ГЛАВА СЕМНАДЦАТАЯ
ПРОШЛОЕ НАВЕРСТЫВАЕТ УПУЩЕННОЕ
Мягкий голос ласкал мое лицо. Он прокатился по всему моему телу, напевая песню такой красоты, что она поразила все мои чувства. Атласная ткань такого тепла и мягкости скользнула по моей коже. Мурашки по коже появлялись с каждым крещендо. Необъяснимый чувственный аромат был единственным, что я могла учуять. Цвета пульсировали, рассеивались и появлялись перед моими глазами в ритме песни.
На этот раз тихий голос не предупредил меня.
Я погружалась все глубже и глубже в песню, едва замечая палки и камни под ногами. Мягкая вода впиталась в ткань; она была такой теплой, когда стекала по моей коже.. а затем стала ледяной. Я вскрикнула от резкого перехода.
У меня вырвали эту песню, и было такое чувство, что она вырвала кусок моего сердца. Это оставило кровавую рану, и я прижала руку к груди, пытаясь удержать оставшуюся часть моего сердца от того, чтобы оно не разлетелось на куски. Цвета, поглощавшие мое зрение, рассеялись, и передо мной предстала женщина в белом одеянии.
Полная луна подчеркивала темные волосы, заплетенные на макушке в элегантную косу. Ее глаза были широко раскрыты, а из приоткрытых губ сочилась черная жидкость. Я не понимала, что она красная, пока она не капнула на ее белую мантию. Мой взгляд переместился на мужчину позади нее. Равнодушный взгляд уставился на меня в ответ, в то время как женщина осела на землю, нож выпал из ее рук. Ее глаза оставались открытыми, когда последняя частичка ее жизни ушла в красных волнах, покрывавших ее спину.
Мое зрение затуманилось от слез, когда боль в груди взяла верх. Она разъедала мои внутренности, как кислота, и питалась воздухом в моих легких, словно собираясь распространиться на все остальное тело. Я подавилась рыданием, и когда Уэстон обнял меня за талию, я забилась в конвульсиях. Мои глаза закатились, и я едва расслышала глубокий голос в своем ухе.
– Спи.
Я проснулась, когда меня укладывали на мой тюфяк у огня. Мои мышцы болели, но сильная боль, которую я чувствовала, прошла. Я была так уверена, что умираю.
Я безучастно смотрела на огонь. Боль была такой всепоглощающей, что я не хотела ни чувствовать, ни думать ни о чем, пока глубокий голос не прервал тишину.

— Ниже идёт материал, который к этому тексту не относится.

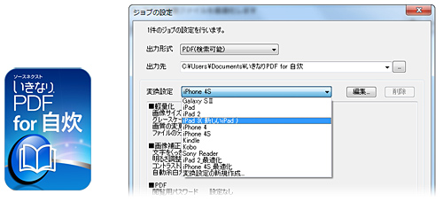 “自炊”したPDFやJPEGファイルを、iPadなどのタブレット端末やiPhoneやAndroid搭載スマートフォンに合わせて最適化する。ドラッグ&ドロップで最適化するファイルを登録して、出力形式(PDFまたはJPEG形式)とデータを使用する機器(タブレット端末やスマートフォン)を選ぶだけだ。
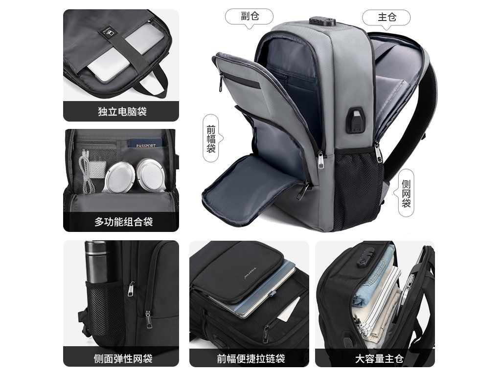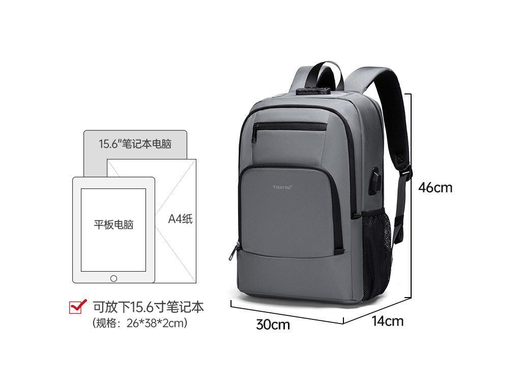 Batoh Tigernu je vynikající volbou, jak si uložit na cesty všechny své věci. Notebook je bezpečně umístěn v zadní části batohu v největší kapse. K němu můžete přihodit velká sluchátka, něco na čtení a další věci, které se vám budou na cestu hodit. Vpředu je pak menší kapsa, která má v sobě několik přihrádek a je tak vhodná pro uložení psacích potřeb, cestovních dokladů a jiných drobnějších věcí. Pod ní je ještě jedna menší, kam umístíte třeba menší tablet nebo telefon.

– Это была песня. Ее смерть заставила тебя почувствовать боль, - сказал Уэстон.
Мои глаза встретились с его пустым взглядом. Я была удивлена, что он добровольно дал мне какую-либо информацию.
– Почему ты убил ее? – спросила я, уже зная ответ.
– Она собиралась убить тебя.
Всегда спасал меня. Когда я смогу спасти себя сама?
Мой разум был лишен особой активности. После того, как я поклялась, что умру, он поставил щит; простой защитный маневр, чтобы уберечь меня от потери рассудка и принятия ужасных решений. Мое тело было настолько измучено болью, что я заснула через несколько минут.
* * *
В течение следующих двух дней я послушно следовала за Уэстоном. Единственным видом контакта, который у нас был, были наши глаза. Я смотрела на него с ненавистью, а он смотрел на меня с безразличием. Я не знала, как, казалось, работает безмолвное общение между нами, но это было так, как будто мы действительно разговаривали.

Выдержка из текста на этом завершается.